Für Enttäuschung sorgte manchmal die Information, dass die Bewerbungsphase zunächst keine großen Möglichkeiten bietet, sich schon jetzt aktiv zu beteiligen. Es gibt zwar hier und da Veranstaltungsformate, die auf die Bewerbung aufmerksam machen, für mehr Interesse und Verständnis sorgen und das Thema mit Leichtigkeit behandeln, aber große Projekte wie Festivals, Ausstellungen und Co. wird es erst nach erfolgreicher Bewerbung im Jahr 2025 geben.
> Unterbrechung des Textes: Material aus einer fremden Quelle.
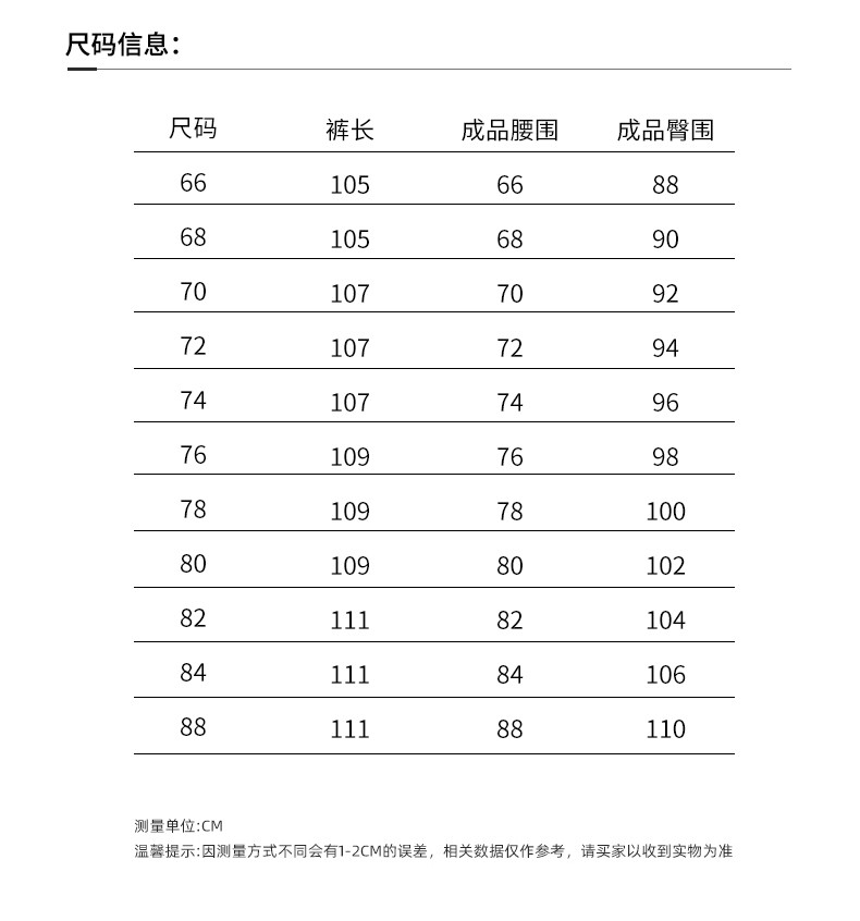 Outseam (cm) 99 cm 101.5 cm 104 cm 106.5 cm 109 cm
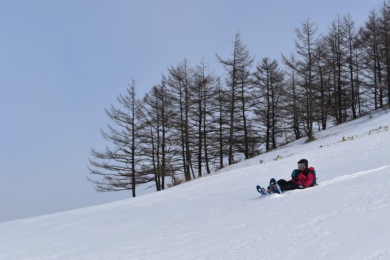 9時55分、モアン山を目指して東へ下ります。かなりの急斜面で、自分は早速尻もち。30分ほど下ったカラマツの植林地で小休憩を取りました。
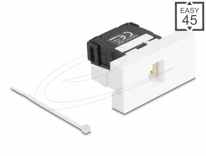 Leírás Ezt a Delock Easy 45 modult úgy tervezték, hogy hálózati kábelportot biztosítson , és csatlakoztatható a Delock Easy 45 modulrendszerhez. Az egyszerű bepattintható mechanizmus biztosítja, hogy a modul szilárdan a helyén legyen, és szükség esetén könnyen eltávolítható. Könnyű 45 csatlakoztatás Az Easy 45 egy változtatható, moduláris rendszer, amely lehetővé teszi olyan komponensek használatát, mint az aljzatok, HDMIvagy USB-csatlakozások bővíthetők az Ön igényei szerint. Az Easy 45 modulok szabványosak és különféle modultartókba vagy kábelcsatornákba szerelhetők. Az Easy 45 interfészt épít az elektromos, hálózati és rendszertelepítés, valamint számos perifériaeszköz, például TV, monitorok, nyomtatók, laptopok és még sok más között. Műszaki részletek Csatlakozók: 1 x RJ45 jack 1 x LSA 180 (szerszám nélküli) Cat.6A specifikáció Árnyékolatlan (UTP) TIA-568A/B kivezetés Tömör vagy sodrott huzalhoz (26-22 AWG) 6,0 - 8,5 mm átmérőjű kábelekhez Alkalmas a Delock Easy 45 modultartóhoz Modul mérete: 22,5 x 45 mm Méretek (HxSzxH): kb. 22,5 x 45,0 x 40,3 mm Szín: fekete/fehér A csomag tartalma Easy 45 modul Kábelkezelő Cipzáras nyakkendő Csomag Cipzáras poli táska
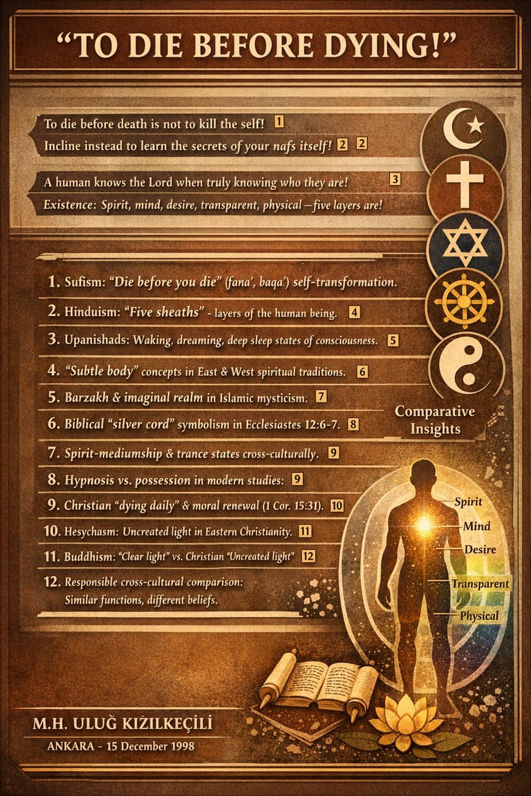 DIE BEFORE DYING. To die before death is not to kill the self! Incline instead to learn the secrets of your nafs itself! A human knows the Lord when truly knowing who they are! Existence: Spirit, mind, desire, transparent, physical — five layers are!
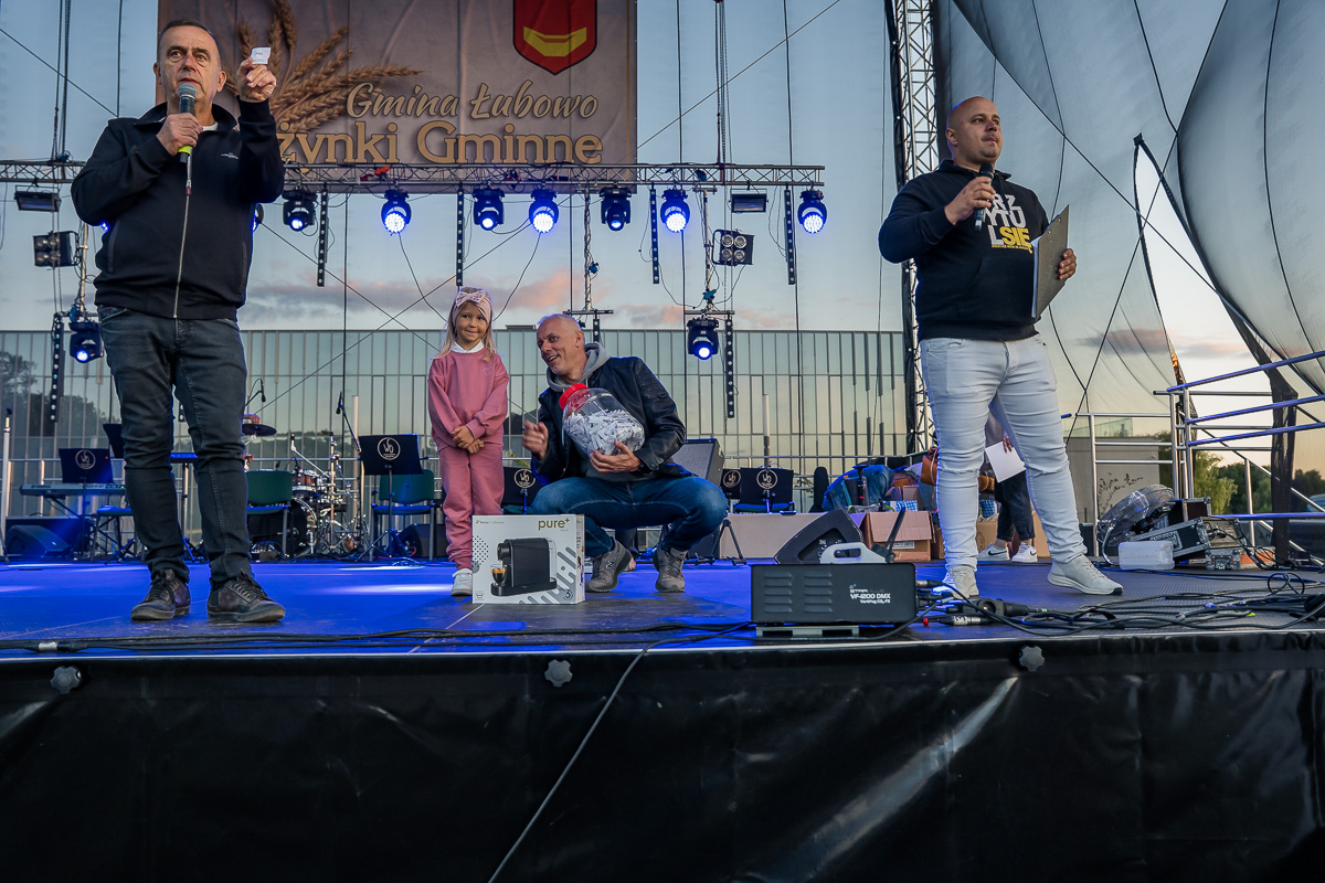 W przerwach między koncertami odbywało się losowanie „Szczęśliwego Gościa Dożynkowego”. Wśród uczestników rozlosowano wiele atrakcyjnych nagród, w tym rower z wyposażeniem – nagrodę Wójta Gminy Łubowo, telewizor 55 cali ufundowany przez starościnę i starostę dożynek, rower podarowany przez Centrum Ogrodnicze Kora w Żelazkowie, deskę SUP, ekspres do kawy, saturator SodaStream, słuchawki i głośniki JBL, powerbanki od firmy Henbud Robert Kaczor oraz wiele innych cennych upominków od sponsorów.
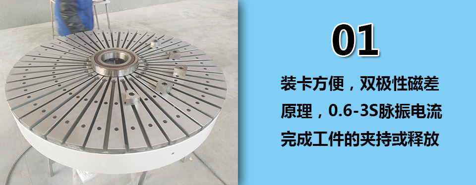 2、操作迅速充退磁循環(huán)快,充磁后工作中,工作磁力不受系統(tǒng)斷電等電源故障影響,退磁后臺(tái)面剩磁干凈,可實(shí)現(xiàn)快速應(yīng)力釋放。
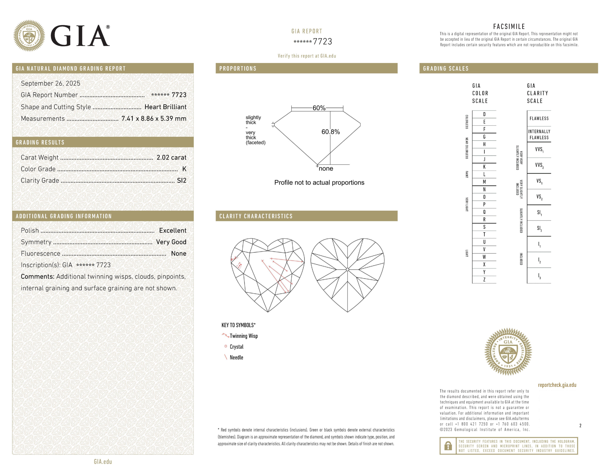 Your 2.02 carat Heart natural diamond is graded K color (Faint Color), and you can read more about K color diamonds here.
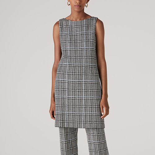 St.John/盛蔷黑白格子呢无袖中长款女士连衣裙K1110C1
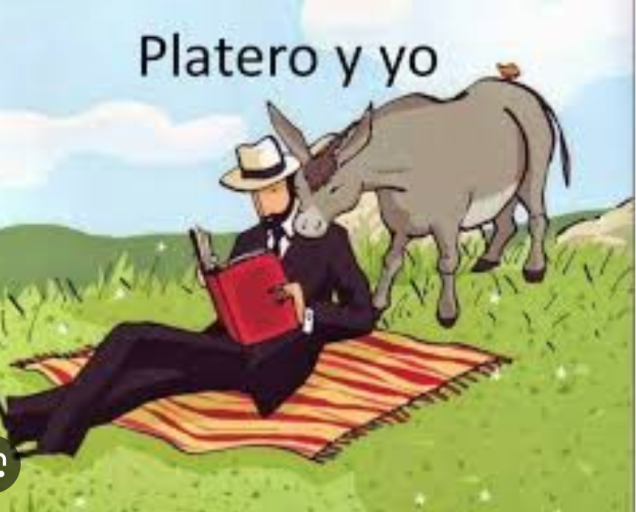 “Platero es pequeño, peludo, suave; tan blando por fuera, que se diría todo de algodón, que no lleva huesos. Sólo los espejos de azabache de sus ojos son duros cual dos escarabajos de cristal negro. Lo dejo suelto y se va al prado y acaricia tibiamente con su hocico, rozándolas apenas, las florecillas rosas, celestes y gualdas… Lo llamo dulcemente ¿Platero?, y viene a mí con un trotecillo alegre, que parece que se ríe, en no sé qué cascabeleo ideal…”
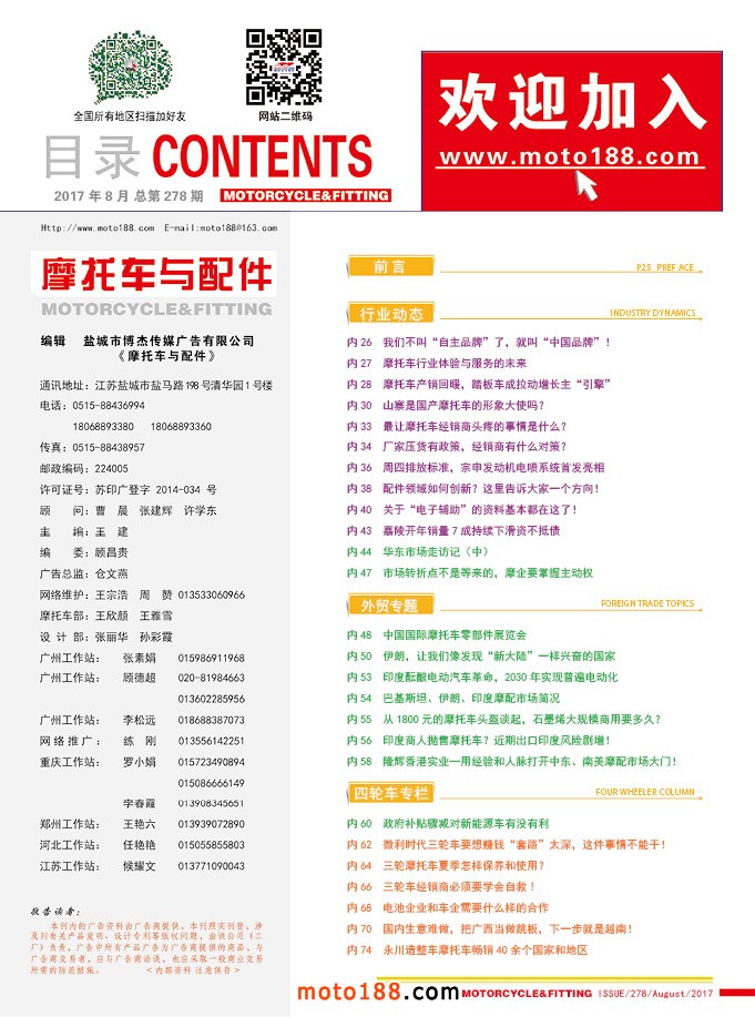 2017.8月《摩托車/電動車與配件》雜志,歡迎大家閱讀
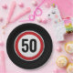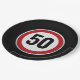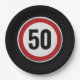 Red round traffic speed sign with a modern graphic style. Customise your age for the perfect cars and drivers themed birthday party.
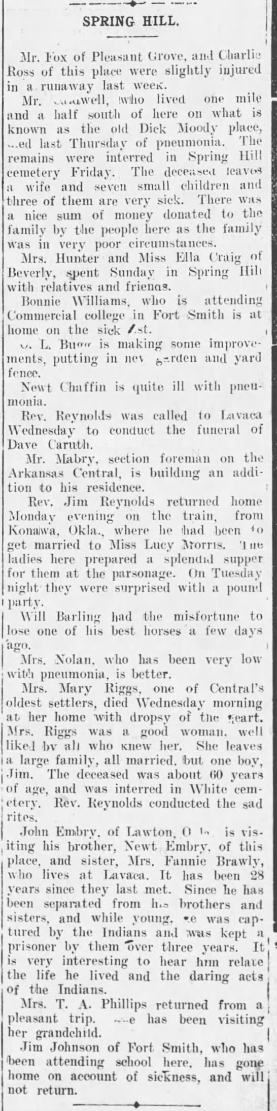 Fox, Ross, ???well, Craig, Hunter, Williams, Bugg, Chaffin, Reynolds, Caruth, Mabry, Reynolds, Morris, Barling, Nolan, Riggs, Lawton, Embry, Brawly, Phillips, Johnson,
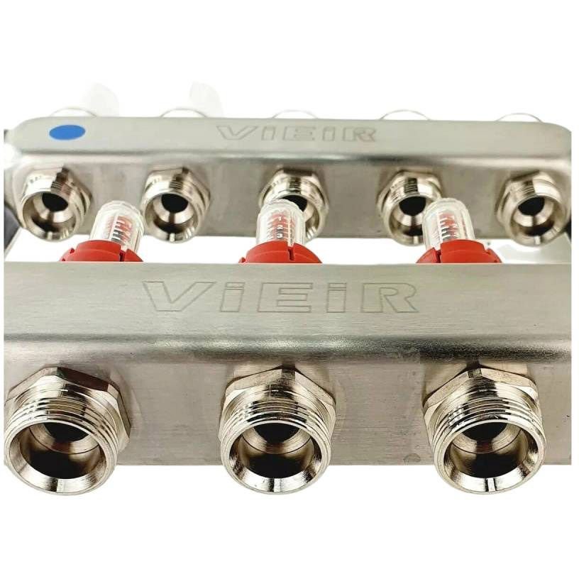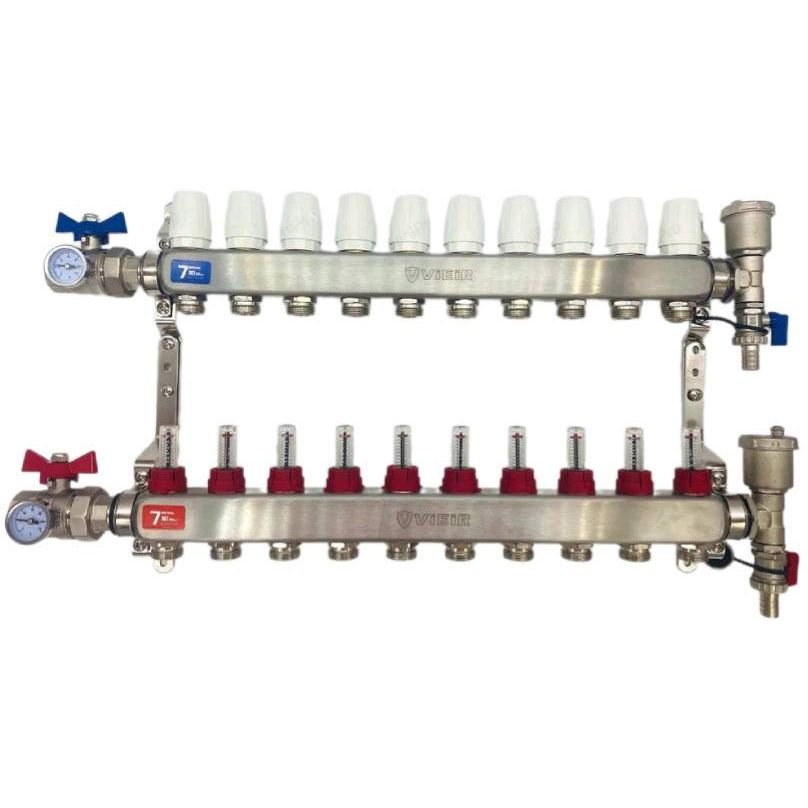 ViEiR Коллекторная группа с КРАНАМИ, нержавеющая сталь 1" х 3/4", с расходомерами 10 выходов (5/1) VR113-10. Артикул VR113-10. Коллекторная группа применяется для передачи жидкости на контуры отопления и настройки в них мощности потока и температуры в системе "теплый пол", а также подключения радиаторов отопления, других тепловых приборов. Основные рабочие элементы это "две гребенки," - коллекторы подающего и обратного контура.
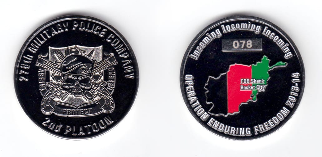 Shield shaped coin with crossed sabers behind, brass in color, 1 3/4 inches high x 2 1/2 inches wide. SIDE 1 - SIDE 2 - Coin # 38 Journal - Page 100 - Line 25 Read More
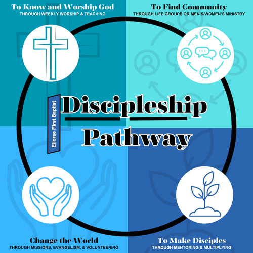 At Elloree First Baptist Church, we are committed to walking alongside one another in this process of discipleship. Whether through worship, Bible study, prayer, service, or fellowship, we believe that each step of the journey helps us grow closer to Jesus and more fully reflect His love to the world.
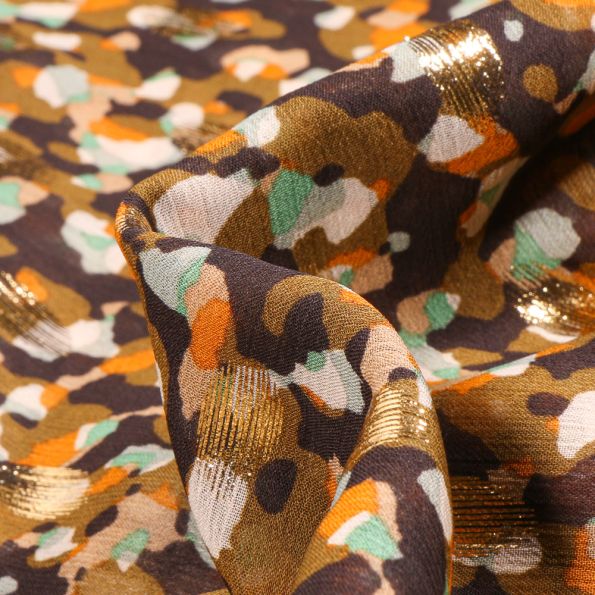 Tissu Mousseline lurex Taches menthe et orange sur fond Noir - Par 10 cm
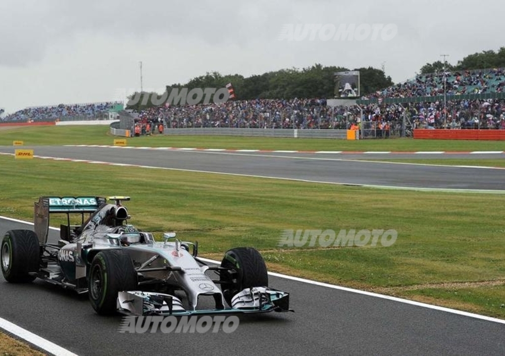 Ore 14:00: Prendono il via dal circuito di Silverstone le qualifiche del Gran Premio d'Inghilterra. Nelle qualifiche del venerdì il più veloce è stato Lewis Hamilton, seguito dalla Mercedes del compagno di squadra Rosberg e dalla Ferrari di Fernando Alonso. La pioggia sembra non voler lasciare il tracciato inglese mentre le monoposto entrano nel vivo del weekend di gara. Adrian Sutil è il primo ad iniziare il suo giro lanciato, mentre molte vetture sono ancora ai box.
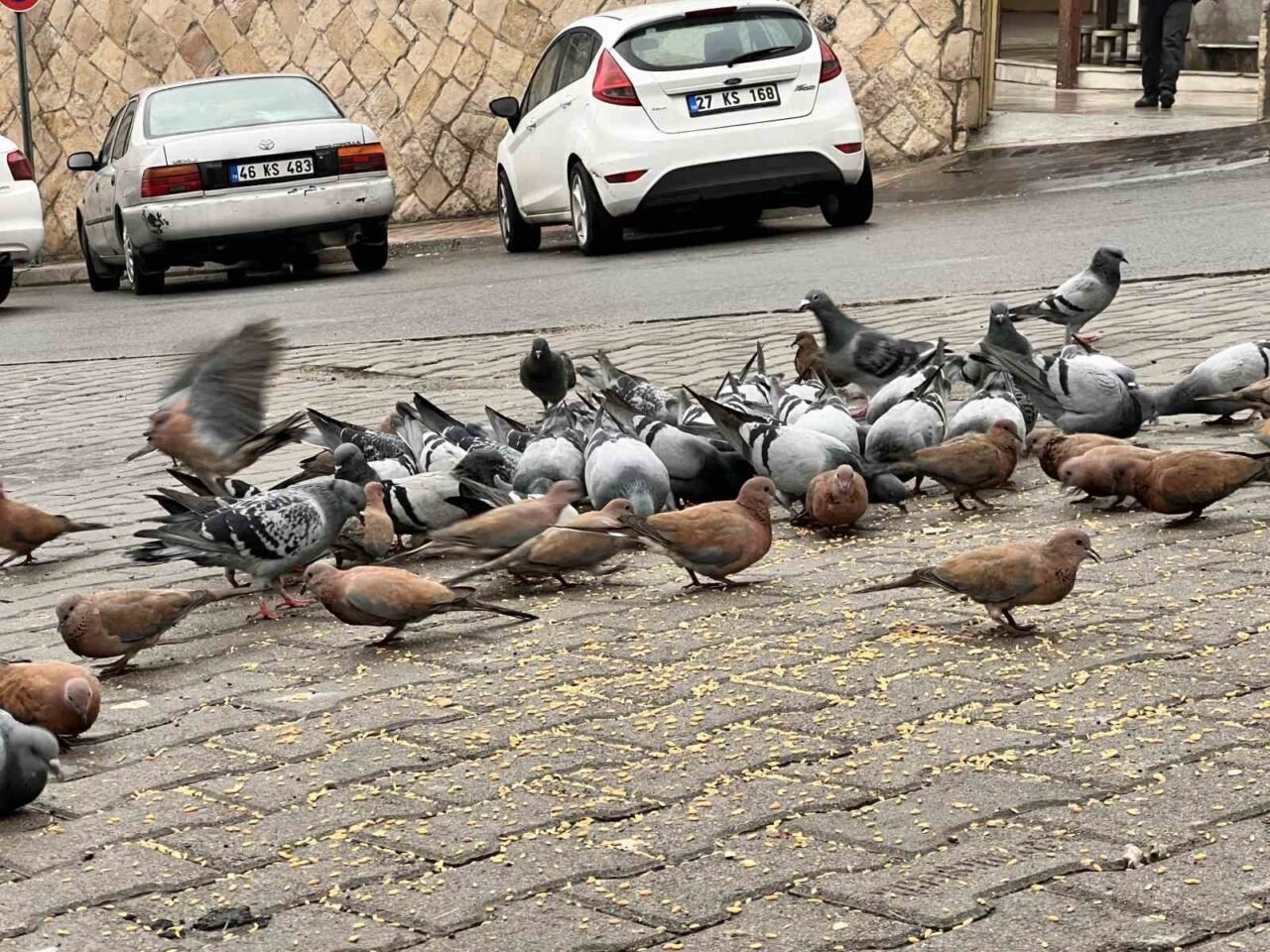 Kahramanmaraşlı esnaf depremde hasar alan cami önündeki güvercinleri her gün yemliyor
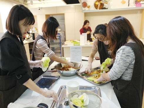 | 지난해 진행된 ‘다어울림 텃밭교실’ 참여자들이 텃밭에서 키운 배추로 김장을 담그고 있다. |
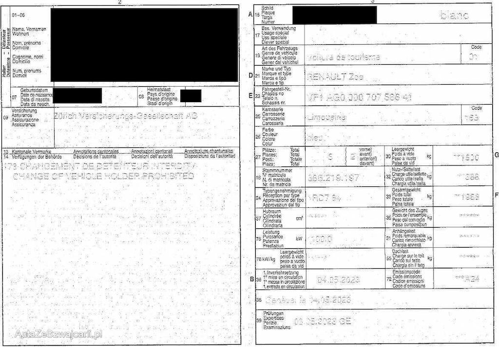 Wieder aufgefundenes Diebstahlfahrzeug. Anzahl Schlüssel: 2 / Fz-Ausweis: ja / Bordmappe+Serviceheft: Bordmappe ja, Serviceheft online via Händler (letzter Service unklar) / Km-Stand: original / VIN: original / Lenkschloss: i.O. / Zündschloss: i.O. / Reifen: Vo: 195/55 R16 91T (20%), Hi: 205/55 R16 91H (20%). Schäden: Lackschäden Stossstange vorne + hinten, Kratzer Seitenwand hinten rechts, Lackschäden Schweller links+rechst, Kratzer Kotflügel + Tür vorne links, Kratzer Heckklappe, Kratzer B-Säule rechts, alle 4 Felgen zerkratzt, Innenraum nicht sauber. Probefahrt: i.O. Ladekabel vorhanden. Die hier gemachten Angaben sind unverbindliche Beschreibungen. Sie stellen keine zugesicherten Eigenschaften dar. Der Verkäufer haftet nicht für Irrtümer, Eingabefehler und Datenübermittlungsfehler.

Aktuell besteht die Aufgabe des Projektbüros darin, das Bewerbungsdokument (das sog. Bid-Book) zu schreiben und dafür rund vierzig Fragen zu beantworten, die sich auf die sechs Bewertungskriterien der Jury beziehen.

ERKENNTNIS NR. 3:
Überall begegneten wir Menschen, die sich bereits mit vielen Themen auseinandersetzen, die auch uns im Arbeitsalltag beschäftigen: Welche Rolle spielt Hildesheim in Europa und können wir hier vielleicht kreative Lösungen für europaweit bestehende Probleme finden? Wie bewegen wir uns von A nach B und wie gut sind wir bereits miteinander vernetzt? Wie attraktiv ist das Leben in Hildesheim und der Region und wie können wir es noch attraktiver machen? Warum hat das Wort Provinzialität oft so einen negativen Beigeschmack und wie gehen wir eigentlich mit unserem kulturellen und gesellschaftlichen Erbe um? Der Fragenkatalog ließe sich an dieser Stelle beliebig erweitern.

Um zu unterstreichen, dass jeder Teil der Region eine wichtige Rolle im Bewerbungsprozess spielt, haben wir individuelle Slogans - für jede Landkreiskommune einen - gereimt. Manche Namen waren dabei überaus gut „reimbar“, für die anderen musste etwas tiefer in die Wortspielkiste gegriffen werden. Jede Kommune bekam als Gastgeschenk einen Karton mit Postkarten, die mit ihrem individuellen Spruch bedruckt sind. Inhaltlich beziehen sich diese mal mehr mal weniger auf das kulturelle Potenzial, weisen aber immer auf die Relevanz aller Städte und Gemeinden auf dem Weg zum Titel hin. Die Postkartenmotive sind hier einsehbar.

ERKENNTNIS NR. 4:
Jede Stadt und Gemeinde hat ihre eigene kulturelle Identität und versteht sich als Perle der Region. Diese Perlen sollten wir zu einer Kette zusammenfügen, um das gemeinsame Potenzial bestmöglich und für alle nutzbar zu machen und das Verhältnis zwischen Stadt und Land und Land und Land nachhaltig zu stärken.

An den Gesprächen beteiligt, haben sich u. a. die Bürgermeister/innen bzw. deren Stellvertreter/innen, Ratsfrauen und Ratsherren, Kulturakteurinnen und Akteure, interessierte Bürgerinnen und Bürger, Mitglieder unterschiedlicher Vereine und Verbände, Jugendpfleger/innen und Kita- bzw. Schulleitungen. Auffällig war, dass der Altersdurchschnitt der Teilnehmenden fast überall bei ü50 lag.        

ERKENNTNIS NR. 5:
Die Bewerbung als Kulturhauptstadt Europas 2025 interessiert vor allem diejenigen, die sich auch bisher mehr oder weniger intensiv mit dem kulturellen Leben in und um Hildesheim beschäftigt haben. Unser Ziel muss es daher sein, insbesondere jüngere und kulturfernere Teile der Bevölkerung zu erreichen und die Tragweite des Projekts jenseits des kulturellen Bezugs aufzuzeigen.    

Die 17 Gespräche in Sitzungssälen von Rathäusern, Schulaulas, Eisdielen und Kulturinstitutionen haben uns erneut gezeigt, wie viele Schätze die Region Hildesheim zu bieten hat und dass die Bewerbung als Kulturhauptstadt Europas 2025 schon jetzt einen wertvollen Beitrag zum Zusammenwachsen von Stadt und Landkreis leistet. Diese Energie wollen wir nutzen und den Titel gemeinsam nach Hildesheim holen. Ein großes Dankeschön für die vielen tollen Anregungen, Gespräche und Begegnungen. Weiter geht`s!